Podwójni agenci często są werbowani szantażem, kompromitującymi dla nich faktami. W przypadku Szczerbakowa mogło to być wydarzenie, do którego doszło w Estonii siedem lat temu.
Pijany "dyplomata"
28 sierpnia 2003 roku prowadzony przez Szczerbakowa volkswagen bora zjechał na pobocze jednej z tallińskich ulic i uderzył w drzewo. Na miejscu pojawiła się estońska policja. Szczerbakow dmuchnął w alkomat, okazało się, że był pijany.
Niewykluczone, że ten kompromitujący dla niego fakt stał się podstawą szantażu ze strony obcego wywiadu.
Estończycy, których służby specjalne od odzyskania niepodległości w 1991 roku bardzo ściśle współpracują z wywiadami państw NATO, doskonale zdawali sobie sprawę, z kim mają do czynienia.

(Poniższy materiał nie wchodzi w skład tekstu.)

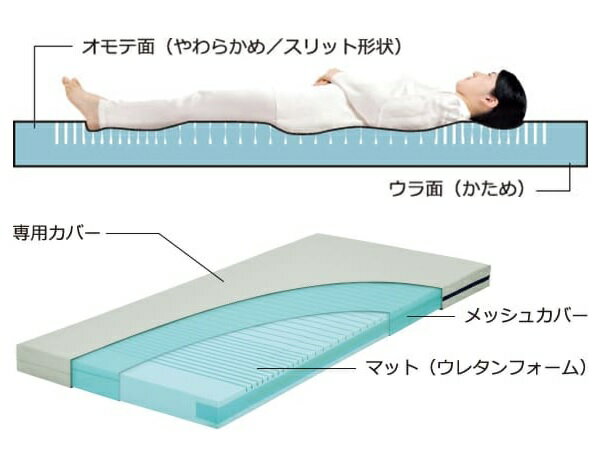■特長 ・好みに合わせて選べる寝心地 かたさの異なるリバーシブル(両面)構造です。 やわらかめのオモテ面とかためのウラ面を好みで 使い分けることができます。 ・寝心地のよさと寝返りのしやすさ 頭部・足部は小さなスリットで体をやわらかく支え、 背中〜大腿部は大きなスリットで体の沈み込みを抑えることで、 寝心地のよさと寝返りのしやすさを両立しています。 ・“へたり”にくさ 特殊な中密度高反発系ウレタンフォームにより、 長期間使用による“へたり”を発生しにくくしています。 ※“へたり”とは・・・ マットレスを長期間使用した場合に起こる劣化現象で、 変形して元に戻らなくなり「体圧分散性能が低下」してしまいます。 ■ムレ環境を改善(通気・洗浄消毒タイプ) ・ムレ環境を改善する通気カバー 快適性を考慮した通気カバー。 汗や水分を素早く吸収拡散し、いつもサラサラで快適な状態を保ちます。 ・カバーの丸洗いが可能 専用カバーは取り外して洗濯機で丸洗いすることができます。 ■仕様 サイズ:幅100×長さ191×厚さ10cm

W dorocznym raporcie estońskiej Policji Bezpieczeństwa (Kaitsepolitsei) za 2003 r., Szczerbakow wymieniany jest jako jeden z oficerów rosyjskiego wywiadu, przebywający w Estonii.
Przyspieszona ewakuacja
SWR zareagował tak, jak to robią w podobnych sytuacjach wszystkie służby na świecie. Już kilka dni po feralnym wypadku Szczerbakow został przeniesiony z Tallina do Helsinek. Potem ślad po nim znika. Prawdopodobnie, po służbie w rosyjskiej ambasadzie w Finlandii, oficer trafił do centrali SWR w podmoskiewskim Jaseniewie.
Tam został zaangażowany w ściśle tajny program umieszczania na terenie USA rosyjskich agentów-śpiochów.
Agenci zdradzeni i wyrzuceni
W czerwcu 2010 FBI ujawniło nazwiska rosyjskich agentów. 10 osób, które - jak wynika z niedawnych doniesień mediów i sugestii rosyjskich polityków - zdradził Szczerbakow, zostało wydalonych z USA i wymienionych za 4 osoby skazane w Rosji za szpiegostwo na rzecz zachodnich państw. Była to największa wymiana szpiegów od czasu zakończenia Zimnej Wojny.
Za Szczerbakowem, którego ukryły amerykańskie służby, Rosjanie wysłali zabójców - wynika z informacji "Kommiersanta" i "Daily Telegraph".